### WHAT YOU WILL DO:
Going from the top of the listing below to the line that holds "This is a new", reproduce each line exactly; no pictures.

### DATA FOR PROCESSING:
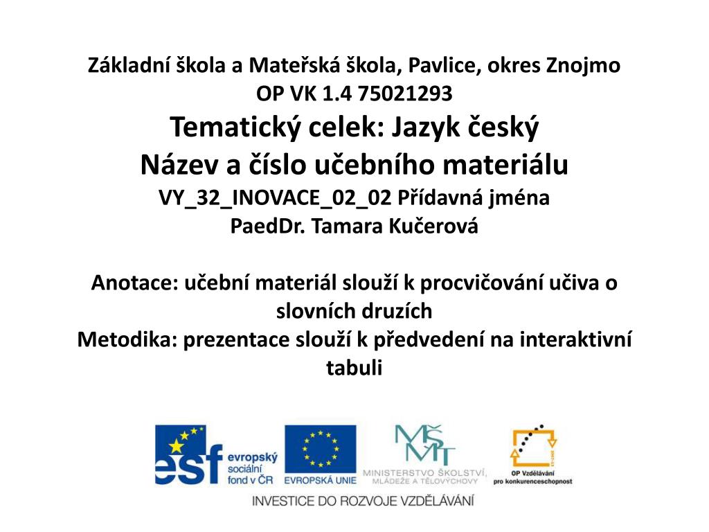 1. Základní škola a Mateřská škola, Pavlice, okres ZnojmoOP VK 1.4 75021293Tematický celek: Jazyk český Název a číslo učebního materiáluVY_32_INOVACE_02_02 Přídavná jménaPaedDr. Tamara KučerováAnotace: učební materiál slouží k procvičování učiva o slovních druzích Metodika: prezentace slouží k předvedení na interaktivní tabuli
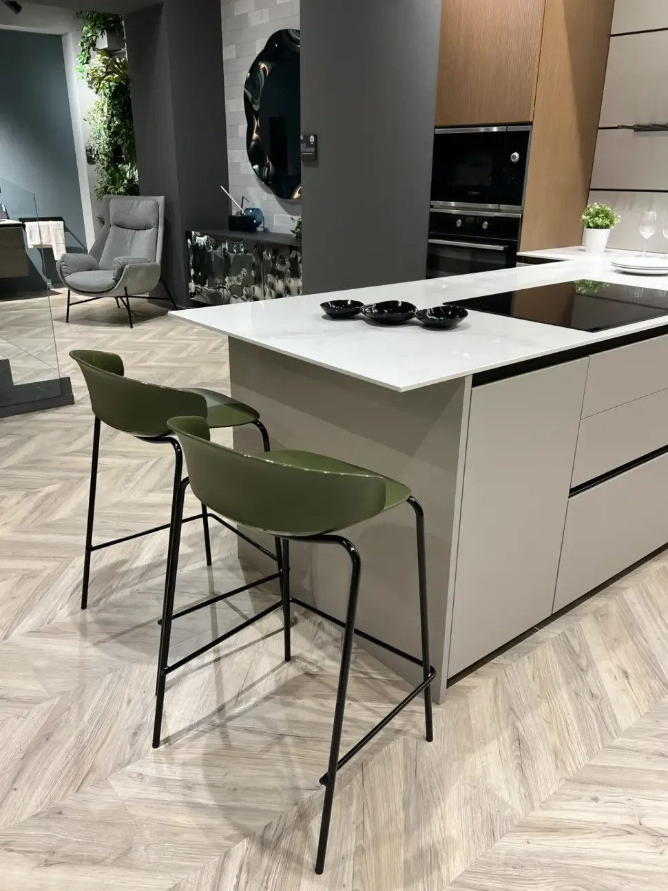 Un ben dosato incontro di stile e design ti garantirà la completa contentezza a progetto ultimato, ad un prezzo esclusivo. Tra le molteplici composizioni arredative che vendiamo, la Cucina Scavolini design con penisola tortora in laminato materico Mira qui visibile è veramente bella e di grande qualità. Con uno sconto del 52% potrai avere una tra le soluzioni più ricercate nel mondo dell’arredamento.
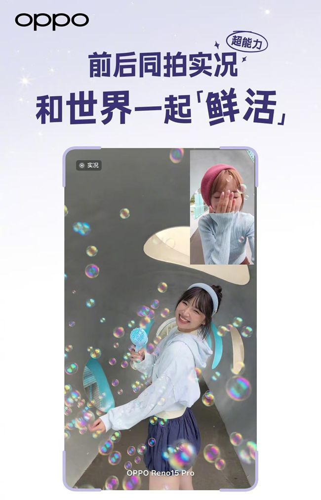 OPPO Reno15系列配备前后同拍实况功能,在分享穿搭时,既能清晰呈现OOTD的细节之处,又能同步记录下自己的实时状态与反应;借助“出圈实况拼图”这一实用功能,还能快速提取动态人像,一键生成富有创意的海报,无论是旅行打卡留念,还是参加爱豆签售会等场合,都能让拍摄玩法充满新鲜感。而且整个过程无需进行后期剪辑,每一张实况自拍都可以直接分享出去,真实感十足,在社交平台上轻松收获更多点赞。
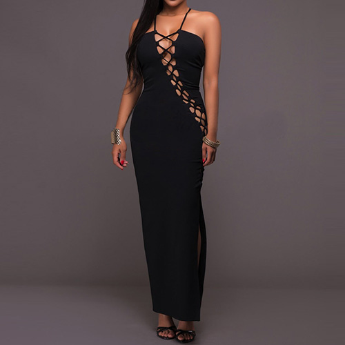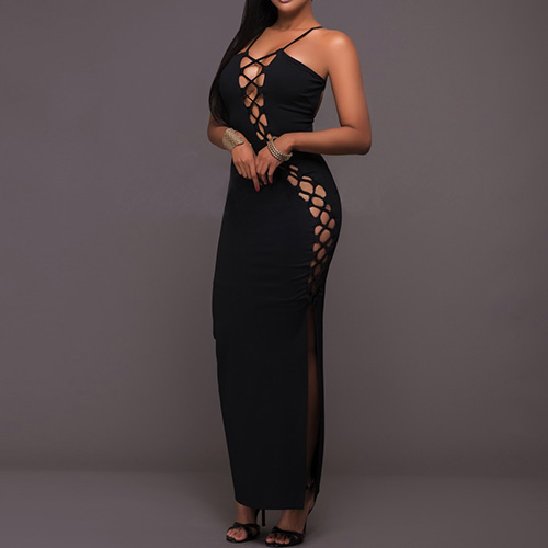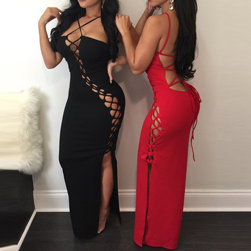 with this dress. Its backless,slit hem and hollow out details make this dress so alluring.
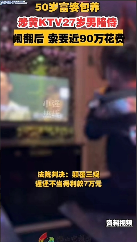 “太狗血!”湖南长沙,一50岁富婆到KTV唱歌,见一27岁男公关帅气威猛,便与他发生了关系。事后富婆看上小伙,还将他包养,半年花了89万。岂料,当富婆得知小伙已婚后,顿时大怒,当即要求他还钱,法院这样判了。 (来源:佛山电视台小强热线)
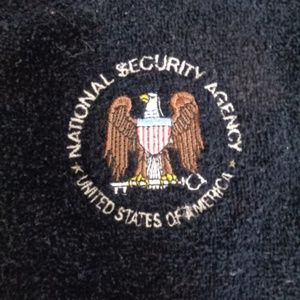This is a new NATIONAL SECURITY AGENCY (NSA) black golf towel. On the front is embroidered with the NSA emblem.
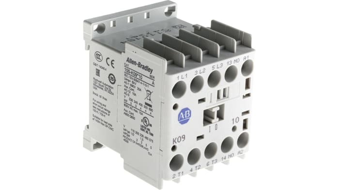 Allen-Bradley Bulletin 100-K miniature contactors are designed for commercial and light industrial applications where panel space is at a premium. These miniature devices, while 45 mm wide, are shallower and have less panel depth requirements than standard IEC contactors.The miniature contactors have been designed with flexibility in mind. They are available with AC or DC operating coils, several contact ratings. Optional 2- or 4-pole auxiliary contact blocks in a variety of auxiliary contact configurations are available separately.
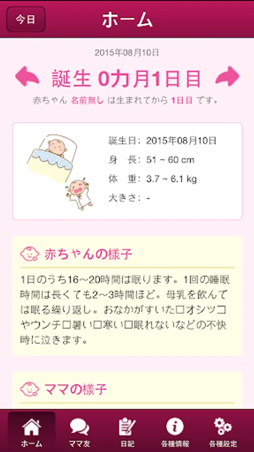 For mom during pregnancy, pregnancy days, appearance of the baby, how the mom, that you want to take care, We offer a variety of information such as the advice of senior mom. For parenting mom, baby photos, height, and then you can record every day, such as body weight, daily changes can be found in the graph. By using the functions, such as birth and between the region with each other, simple to mom friend making, you can get along with everyone. Daily, diary and health status will be recorded.
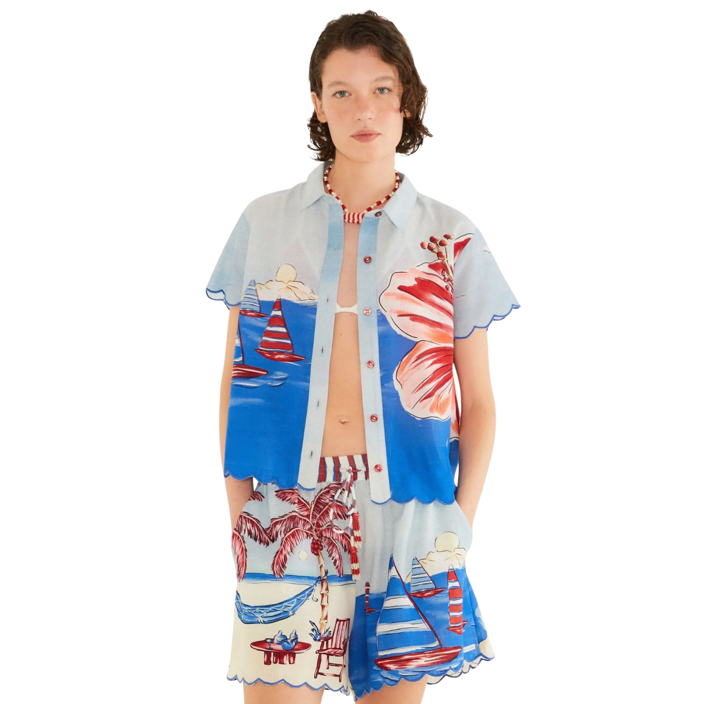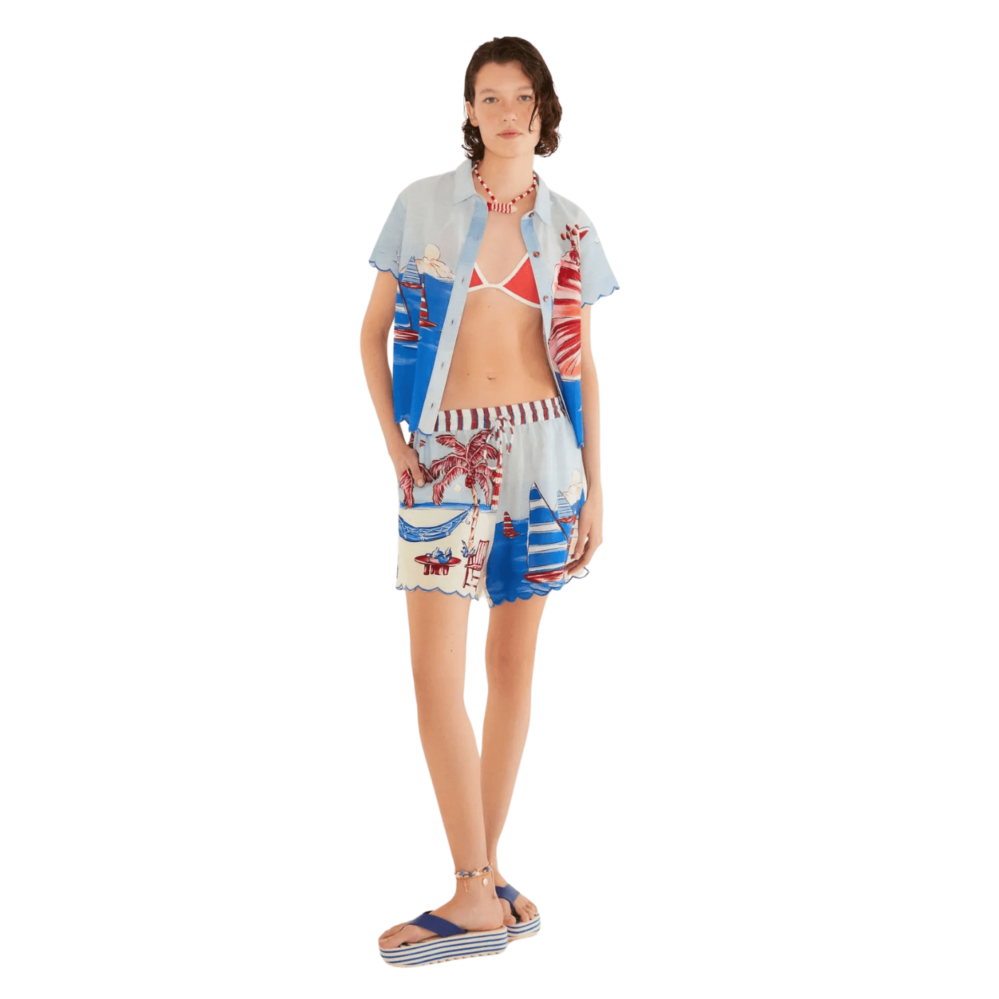 Leveza, cor e a poesia do litoral brasileiro em cada detalhe! O Short Festonê Diário de Verão Farm é perfeito para quem ama peças confortáveis, estilosas e cheias de personalidade. Com estampa exclusiva que retrata cenas de praia – barcos à vela, coqueiros, redes e cadeiras na areia – ele transmite a energia leve e alegre do verão.
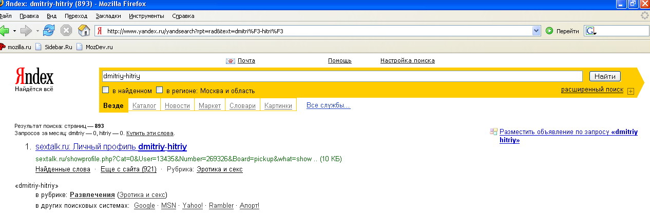 результата к сожалению это не дало... если раньше выдавался мой профиль... то теперь выдается ссылка на мой профиль из текста где меня упоминал другой форумчанин. Чего делать не знаю в общем

### TASK ANSWER:
 1. Základní škola a Mateřská škola, Pavlice, okres ZnojmoOP VK 1.4 75021293Tematický celek: Jazyk český Název a číslo učebního materiáluVY_32_INOVACE_02_02 Přídavná jménaPaedDr. Tamara KučerováAnotace: učební materiál slouží k procvičování učiva o slovních druzích Metodika: prezentace slouží k předvedení na interaktivní tabuli
 Un ben dosato incontro di stile e design ti garantirà la completa contentezza a progetto ultimato, ad un prezzo esclusivo. Tra le molteplici composizioni arredative che vendiamo, la Cucina Scavolini design con penisola tortora in laminato materico Mira qui visibile è veramente bella e di grande qualità. Con uno sconto del 52% potrai avere una tra le soluzioni più ricercate nel mondo dell’arredamento.
 OPPO Reno15系列配备前后同拍实况功能,在分享穿搭时,既能清晰呈现OOTD的细节之处,又能同步记录下自己的实时状态与反应;借助“出圈实况拼图”这一实用功能,还能快速提取动态人像,一键生成富有创意的海报,无论是旅行打卡留念,还是参加爱豆签售会等场合,都能让拍摄玩法充满新鲜感。而且整个过程无需进行后期剪辑,每一张实况自拍都可以直接分享出去,真实感十足,在社交平台上轻松收获更多点赞。
 with this dress. Its backless,slit hem and hollow out details make this dress so alluring.
 “太狗血!”湖南长沙,一50岁富婆到KTV唱歌,见一27岁男公关帅气威猛,便与他发生了关系。事后富婆看上小伙,还将他包养,半年花了89万。岂料,当富婆得知小伙已婚后,顿时大怒,当即要求他还钱,法院这样判了。 (来源:佛山电视台小强热线)
This is a new NATIONAL SECURITY AGENCY (NSA) black golf towel. On the front is embroidered with the NSA emblem.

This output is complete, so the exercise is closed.